===== Source information =====
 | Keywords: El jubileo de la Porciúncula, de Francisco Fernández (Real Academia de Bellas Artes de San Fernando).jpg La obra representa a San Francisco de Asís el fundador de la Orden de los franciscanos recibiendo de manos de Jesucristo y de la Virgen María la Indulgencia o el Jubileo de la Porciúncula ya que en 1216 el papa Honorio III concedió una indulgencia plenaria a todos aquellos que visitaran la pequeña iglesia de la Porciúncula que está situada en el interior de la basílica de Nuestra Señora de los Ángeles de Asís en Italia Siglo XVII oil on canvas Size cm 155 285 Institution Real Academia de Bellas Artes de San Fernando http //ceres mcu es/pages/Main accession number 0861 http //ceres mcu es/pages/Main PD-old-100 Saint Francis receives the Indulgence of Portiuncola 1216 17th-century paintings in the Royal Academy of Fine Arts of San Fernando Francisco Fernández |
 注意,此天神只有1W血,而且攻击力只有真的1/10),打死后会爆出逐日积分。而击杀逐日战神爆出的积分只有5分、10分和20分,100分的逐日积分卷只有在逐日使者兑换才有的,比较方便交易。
=====
===== Source information =====
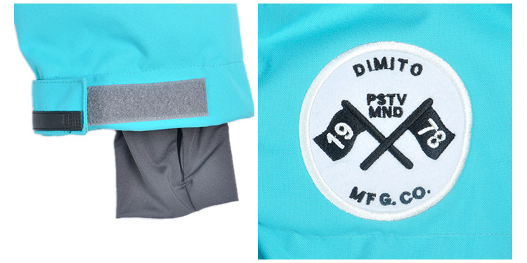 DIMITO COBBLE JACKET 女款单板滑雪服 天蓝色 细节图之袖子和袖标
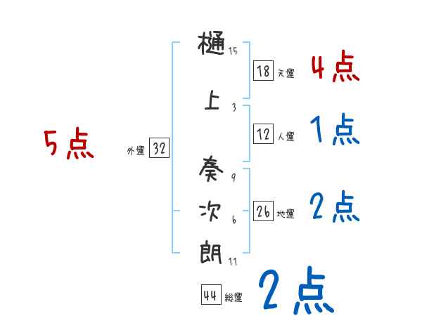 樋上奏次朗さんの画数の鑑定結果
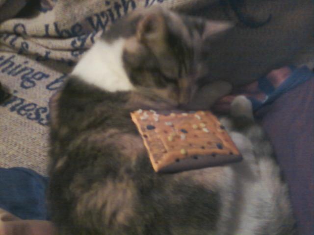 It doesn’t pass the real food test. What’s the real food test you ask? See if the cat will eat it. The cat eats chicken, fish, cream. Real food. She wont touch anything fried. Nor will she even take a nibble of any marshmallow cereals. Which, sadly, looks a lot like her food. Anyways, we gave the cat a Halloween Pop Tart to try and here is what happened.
=====
| About this task |
Will you return exactly the lines above from the one with "Francisco Fernández |" down to the one with "注意,此天神只有1W血,而且", counting both as part of the range?

| Result below |
 | Keywords: El jubileo de la Porciúncula, de Francisco Fernández (Real Academia de Bellas Artes de San Fernando).jpg La obra representa a San Francisco de Asís el fundador de la Orden de los franciscanos recibiendo de manos de Jesucristo y de la Virgen María la Indulgencia o el Jubileo de la Porciúncula ya que en 1216 el papa Honorio III concedió una indulgencia plenaria a todos aquellos que visitaran la pequeña iglesia de la Porciúncula que está situada en el interior de la basílica de Nuestra Señora de los Ángeles de Asís en Italia Siglo XVII oil on canvas Size cm 155 285 Institution Real Academia de Bellas Artes de San Fernando http //ceres mcu es/pages/Main accession number 0861 http //ceres mcu es/pages/Main PD-old-100 Saint Francis receives the Indulgence of Portiuncola 1216 17th-century paintings in the Royal Academy of Fine Arts of San Fernando Francisco Fernández |
 注意,此天神只有1W血,而且攻击力只有真的1/10),打死后会爆出逐日积分。而击杀逐日战神爆出的积分只有5分、10分和20分,100分的逐日积分卷只有在逐日使者兑换才有的,比较方便交易。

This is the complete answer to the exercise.